_ACTIVITY_. Entries follow. Give back exactly the lines starting at the one containing "Lac avec un" and ending at the one containing "皮卫阳重点解读了发展团员工作", and no other lines.

_DATA SUPPLIED_.
----
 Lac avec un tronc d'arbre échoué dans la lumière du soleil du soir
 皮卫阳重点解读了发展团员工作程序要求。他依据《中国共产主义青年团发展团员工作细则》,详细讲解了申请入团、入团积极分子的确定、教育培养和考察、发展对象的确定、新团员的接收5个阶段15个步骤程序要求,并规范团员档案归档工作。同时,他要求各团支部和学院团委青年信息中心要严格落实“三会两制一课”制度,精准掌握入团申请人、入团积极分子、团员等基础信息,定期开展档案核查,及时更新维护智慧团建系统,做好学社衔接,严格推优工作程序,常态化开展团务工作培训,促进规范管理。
----
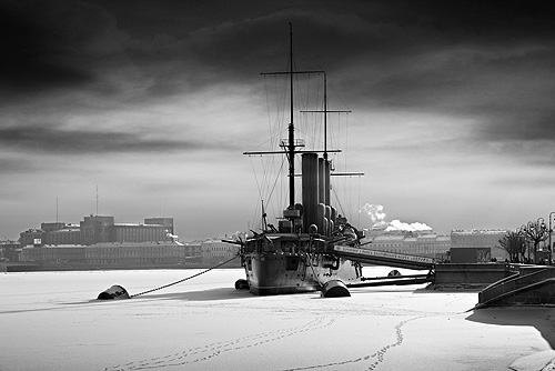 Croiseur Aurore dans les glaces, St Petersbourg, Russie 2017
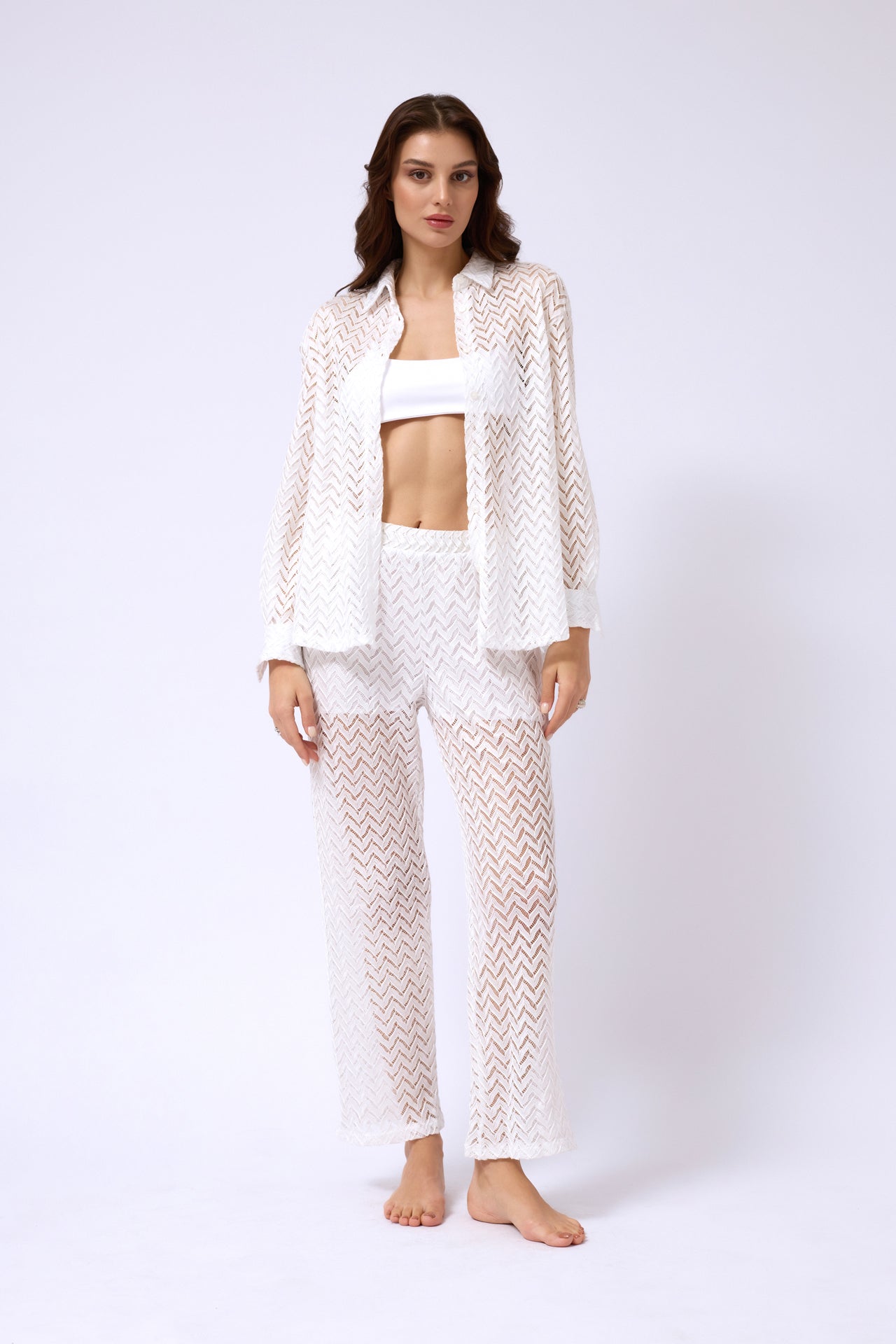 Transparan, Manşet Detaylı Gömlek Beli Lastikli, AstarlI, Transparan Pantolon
----
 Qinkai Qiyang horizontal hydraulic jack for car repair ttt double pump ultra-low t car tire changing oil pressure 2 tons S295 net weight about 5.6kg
----
_ANSWER TO THIS TASK_.
 Lac avec un tronc d'arbre échoué dans la lumière du soleil du soir
 皮卫阳重点解读了发展团员工作程序要求。他依据《中国共产主义青年团发展团员工作细则》,详细讲解了申请入团、入团积极分子的确定、教育培养和考察、发展对象的确定、新团员的接收5个阶段15个步骤程序要求,并规范团员档案归档工作。同时,他要求各团支部和学院团委青年信息中心要严格落实“三会两制一课”制度,精准掌握入团申请人、入团积极分子、团员等基础信息,定期开展档案核查,及时更新维护智慧团建系统,做好学社衔接,严格推优工作程序,常态化开展团务工作培训,促进规范管理。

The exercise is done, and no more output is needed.